This is a crucial clue. Almost all voice calls made by iOS and Desktop use P2P connections, so my guess is here.

Guess: The voice call in the test environment cannot be relayed through the TURN server

Since the calls that can be connected all use P2P connection, and the Android can not be connected. It is most likely that the Android device cannot use the P2P connection because the VPN is turned on, and it needs to be relayed. Maybe in the test environment, the migrated server was unable to provide relay services, resulting in failure to connect.

It is easy to verify this guess. In the test environment, use an iOS device and use the cellular network to make a voice call to the Desktop which is connected to the intranet.

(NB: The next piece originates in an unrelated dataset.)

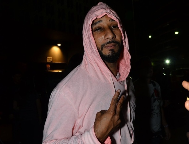 - O DJ e produto Swizz Beatz acena para fotógrafo enquanto aguarda a mulher, Alicia Keys, atender fãs em após show em São Paulo Caio Duran / AgNews Mais
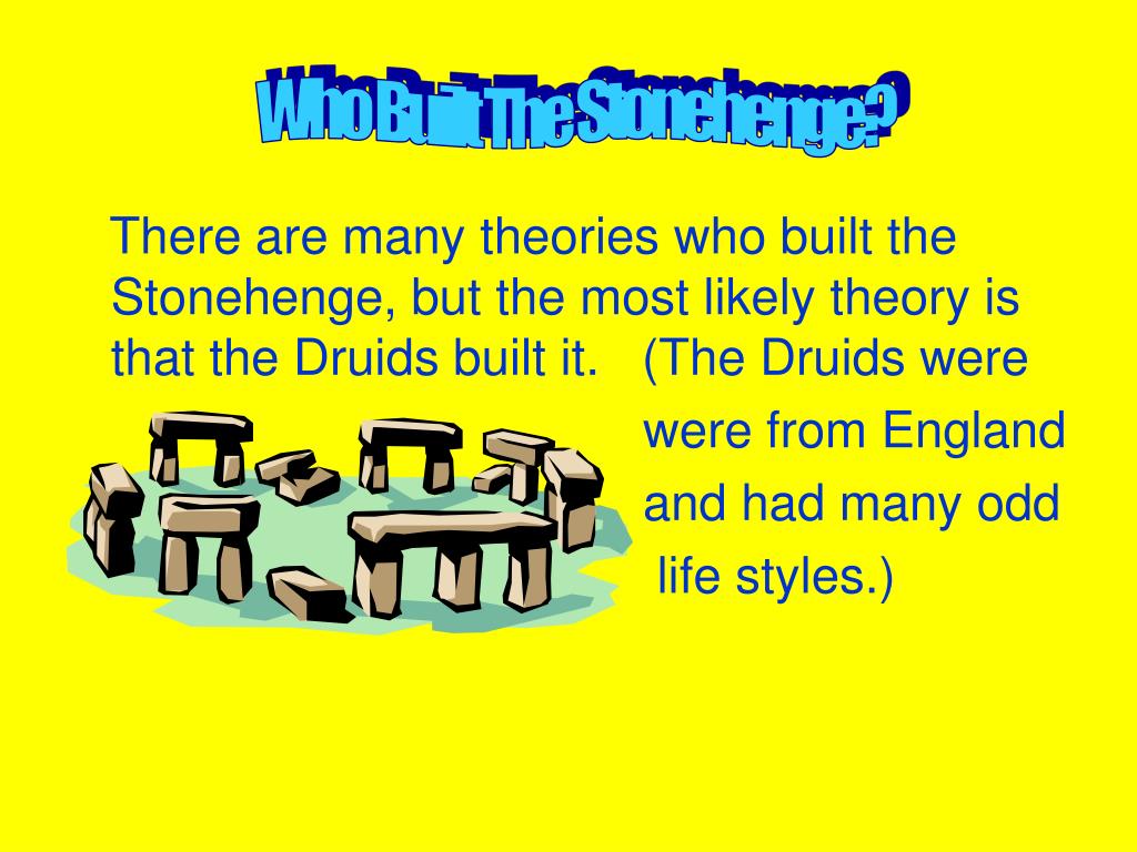 Who Built The Stonehenge? There are many theories who built the Stonehenge, but the most likely theory is that the Druids built it. (The Druids were were from England and had many odd life styles.)

Generally speaking, the cellular network cannot achieve NAT penetration, so it must be relayed. The test result has the same problem as Android, the call cannot be connected. So the crux of the problem is not that Android cannot get through, but that the relay service cannot work properly. As long as it is a call that needs to be relayed, it cannot be connected.

So the crux of the question is why it cannot be relayed. This server migration happens to be the TURN server migration, which is responsible for relaying. At least now I can reproduce the problem at home.

Why Android can’t use P2P connection after using VPN

iOS and Desktop can use P2P when VPN is turned on, but Android cannot. I feel that the implementation of this VPN software is different on each platform. On Android, it may be a mode similar to a global proxy. On other platforms, at least it doesn’t proxy LAN traffic. I actually downloaded the same VPN software used for the test, and found that I couldn’t connect it at all in my home. Maybe it’s been blocked. But from the UI of the software, this software does not provide options like global proxy.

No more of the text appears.